## Brief
Could you transcribe every record below exactly as written, excluding the pictures?

## Record excerpts
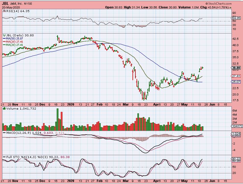 JBL popped recently too. This one I would buy if it dropped to fill the gap near that 20sma. A bad jobs report MIGHT cause that dip.
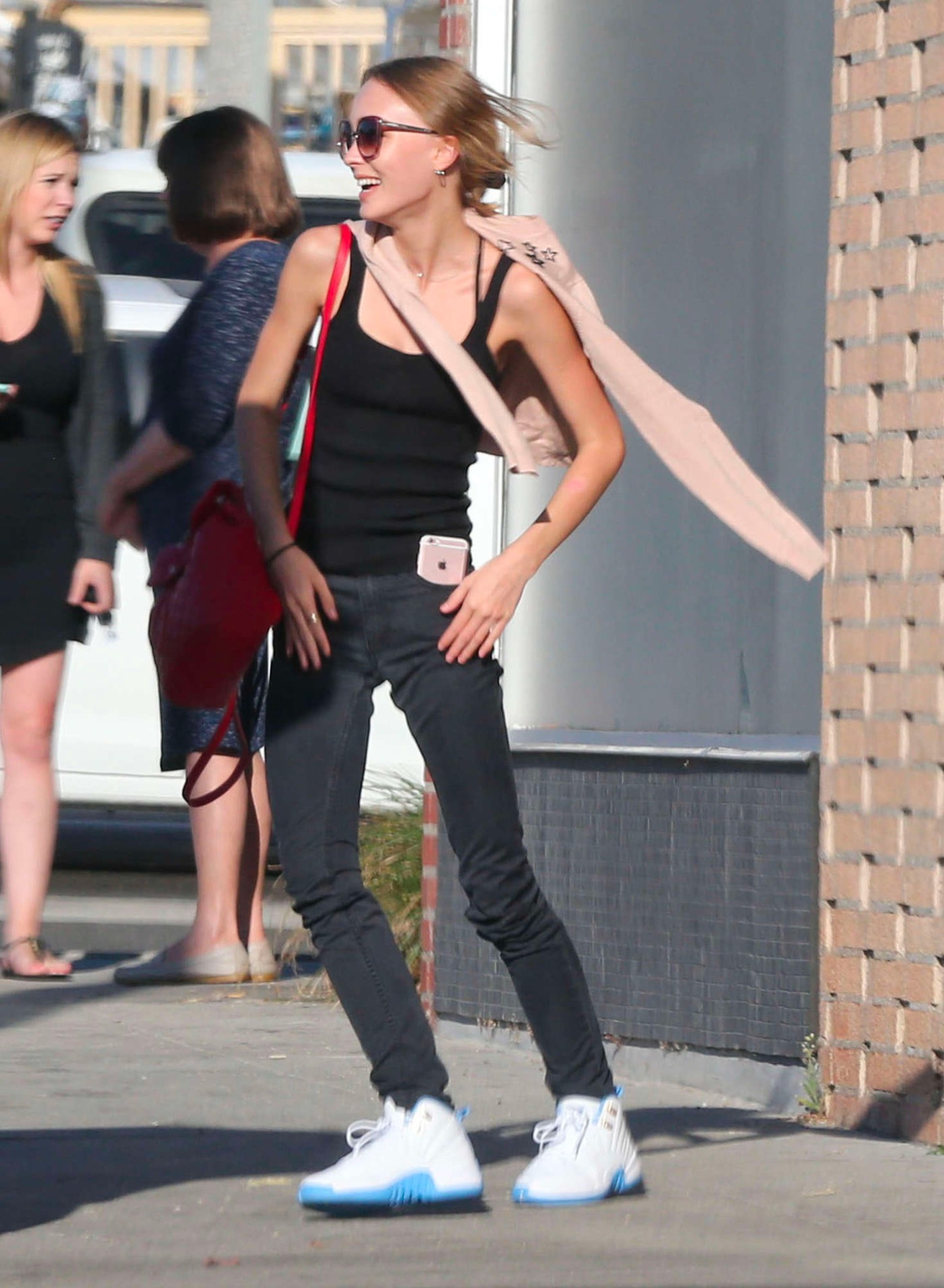 不过这些所有球鞋都不足为奇,真正能展现小编列文虎克能力的,必须得是 Lily-Rose Depp 早年在 INS 晒出的「飞跃」!
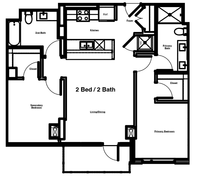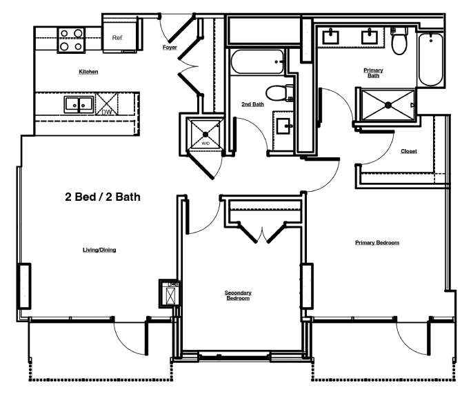E2 - Plano 1 Los planos de la planta son una interpretación artística. Todas las dimensiones son aproximadas. Los tamaños o el detalle del producto real y sus especificaciones pueden variar. No todas las características están disponibles en todos los hogares para rentar. Los precios y la disponibilidad están sujetos a cambios. El alquiler que se muestra es mensual. Se pueden aplicar ciertos cargos, por ejemplo, entrega de paquetes, recolección de basura, agua, servicios, etc. Depositos varian. Consulta a un representante para conocer detalles.
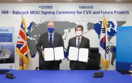 9月1日,韓國現代重工集團宣布,已與英國巴布科克集團簽署合作協議,雙方將就韓國首型航母項目展開合作,旨在獲得該型艦的設計建造訂單。同時,現代重工集團未來還將在國防工業和海洋技術等各領域與巴布科克集團進行技術專業分享交流,以共同提高全球競爭力。
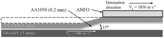 The main research object is an explosive welded material which consists of the three alloys: AA2519–AA1050–Ti6Al4V. According to the developed technology, the welding of these materials involved parallel plating of AA2519 aluminum and Ti6Al4V titanium layers, whereas the lightweight alloy was a layer to be applied. As a result of this, the titanium had no direct contact with the explosion. Prior to the welding process, the aluminum layer was rolled onto a 0.2 mm thick layer of AA1050 alloy. This procedure was in order to create a buffer layer between the materials. The process of welding was carried out in such a way that the speed of the flame front during detonation (Vk) ranged from 1850 m·s−1 to 2000 m·s−1, with the approach angle equal to 15°, whereas the impact zone shift speed (Vc) for the analyzed material was about 500 m·s−1. A schematic presentation of this process is given in Figure 1.
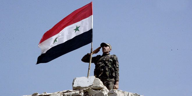 يقول ضابط في الجيش وقد بدت على ملامحه حالة العنفوان معلقا نظره على طيات العلم التي تذهب وتجيء.. “بعد سنين من التضحيات بدماء رجال أبطال كانوا أوفياء لوطنهم نرفع العلم ونهديه الى كل شهيد وجريح.. سنكمل طريقهم ونرفع العلم على كل ذرة تراب من بلدنا سورية الغالية”.
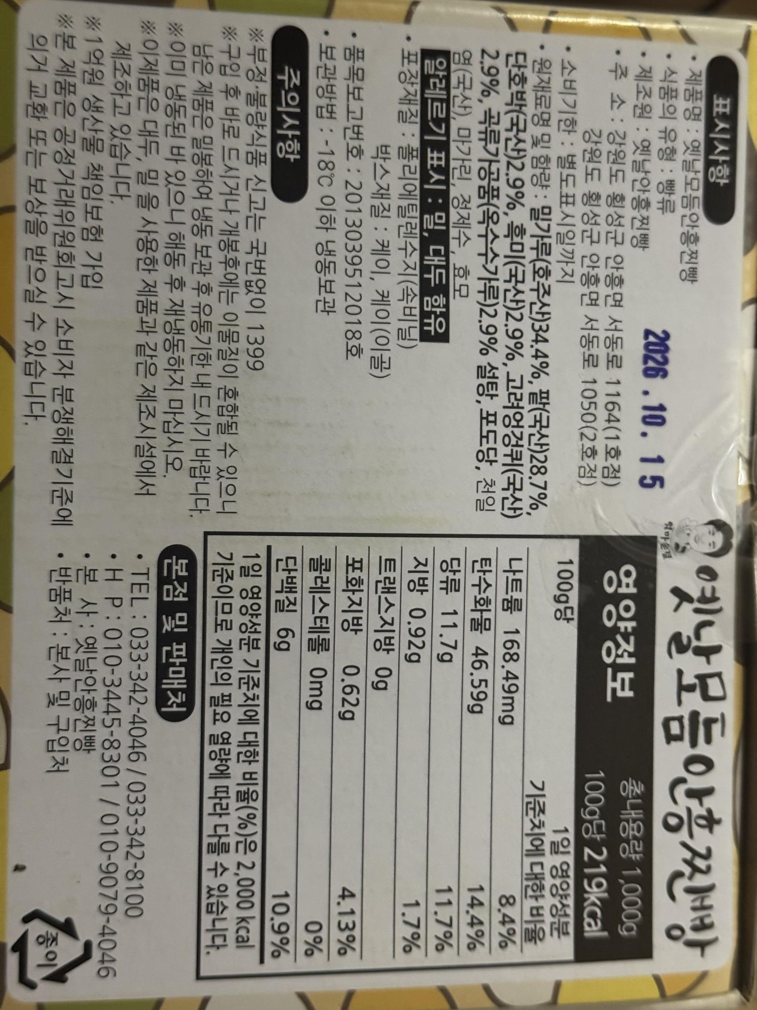 급냉 제품인데 냉매제 하나 안들어있고 밀봉도 안된 비닐채 박스에 덜렁,, 냉동된 제품이라 재냉동 하지말라고 되어 있는데 어쩌란건지 상했을까봐 찝찝해서 못먹어요 안상한다면 방부재를 얼마나 넣은건지 그것도 찝찝하네요 식품은 식품답게 포장 배송해서 팔길바랍니다. 마가린이 들어있는것도 놀랍네요;
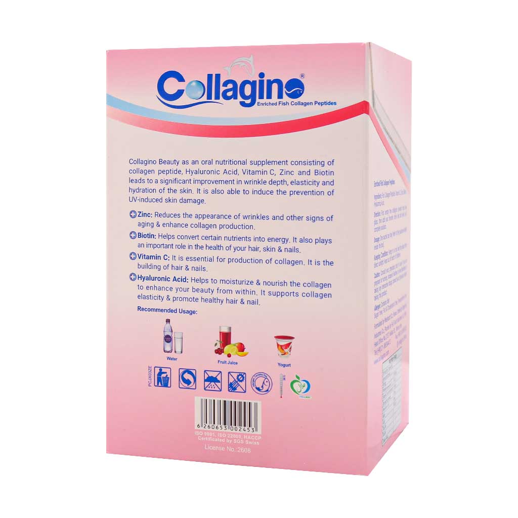 ساشه کلاژن بیوتی کلاژینو صورتی یک محصول منحصر به فرد از شرکت کلاژینو ساخت فرانسه است. کلاژینو بیوتی یک محصول کامل جهت تقویت پوست، مو و ناخن است. این محصول یک مکمل ۵ در ۱ است که تمام ترکیبات مورد نیاز برای تقویت مو، پوست و ناخن در این محصول به شکل کامل وجود دارد. در ترکیبات این محصول کلاژن، ویتامین سی، زینک، بیوتین و هیالورونیک اسید وجود دارد و به همین دلیل است که آن را به عنوان یک مکمل عالی برای پوست، مو و ناخن تبدیل کرده است. کلاژن استفاده شده در این ساشه از ماهی گرفته شده است.

## Written response
 JBL popped recently too. This one I would buy if it dropped to fill the gap near that 20sma. A bad jobs report MIGHT cause that dip.
 不过这些所有球鞋都不足为奇,真正能展现小编列文虎克能力的,必须得是 Lily-Rose Depp 早年在 INS 晒出的「飞跃」!
E2 - Plano 1 Los planos de la planta son una interpretación artística. Todas las dimensiones son aproximadas. Los tamaños o el detalle del producto real y sus especificaciones pueden variar. No todas las características están disponibles en todos los hogares para rentar. Los precios y la disponibilidad están sujetos a cambios. El alquiler que se muestra es mensual. Se pueden aplicar ciertos cargos, por ejemplo, entrega de paquetes, recolección de basura, agua, servicios, etc. Depositos varian. Consulta a un representante para conocer detalles.
 9月1日,韓國現代重工集團宣布,已與英國巴布科克集團簽署合作協議,雙方將就韓國首型航母項目展開合作,旨在獲得該型艦的設計建造訂單。同時,現代重工集團未來還將在國防工業和海洋技術等各領域與巴布科克集團進行技術專業分享交流,以共同提高全球競爭力。
 The main research object is an explosive welded material which consists of the three alloys: AA2519–AA1050–Ti6Al4V. According to the developed technology, the welding of these materials involved parallel plating of AA2519 aluminum and Ti6Al4V titanium layers, whereas the lightweight alloy was a layer to be applied. As a result of this, the titanium had no direct contact with the explosion. Prior to the welding process, the aluminum layer was rolled onto a 0.2 mm thick layer of AA1050 alloy. This procedure was in order to create a buffer layer between the materials. The process of welding was carried out in such a way that the speed of the flame front during detonation (Vk) ranged from 1850 m·s−1 to 2000 m·s−1, with the approach angle equal to 15°, whereas the impact zone shift speed (Vc) for the analyzed material was about 500 m·s−1. A schematic presentation of this process is given in Figure 1.
 يقول ضابط في الجيش وقد بدت على ملامحه حالة العنفوان معلقا نظره على طيات العلم التي تذهب وتجيء.. “بعد سنين من التضحيات بدماء رجال أبطال كانوا أوفياء لوطنهم نرفع العلم ونهديه الى كل شهيد وجريح.. سنكمل طريقهم ونرفع العلم على كل ذرة تراب من بلدنا سورية الغالية”.
 급냉 제품인데 냉매제 하나 안들어있고 밀봉도 안된 비닐채 박스에 덜렁,, 냉동된 제품이라 재냉동 하지말라고 되어 있는데 어쩌란건지 상했을까봐 찝찝해서 못먹어요 안상한다면 방부재를 얼마나 넣은건지 그것도 찝찝하네요 식품은 식품답게 포장 배송해서 팔길바랍니다. 마가린이 들어있는것도 놀랍네요;
 ساشه کلاژن بیوتی کلاژینو صورتی یک محصول منحصر به فرد از شرکت کلاژینو ساخت فرانسه است. کلاژینو بیوتی یک محصول کامل جهت تقویت پوست، مو و ناخن است. این محصول یک مکمل ۵ در ۱ است که تمام ترکیبات مورد نیاز برای تقویت مو، پوست و ناخن در این محصول به شکل کامل وجود دارد. در ترکیبات این محصول کلاژن، ویتامین سی، زینک، بیوتین و هیالورونیک اسید وجود دارد و به همین دلیل است که آن را به عنوان یک مکمل عالی برای پوست، مو و ناخن تبدیل کرده است. کلاژن استفاده شده در این ساشه از ماهی گرفته شده است.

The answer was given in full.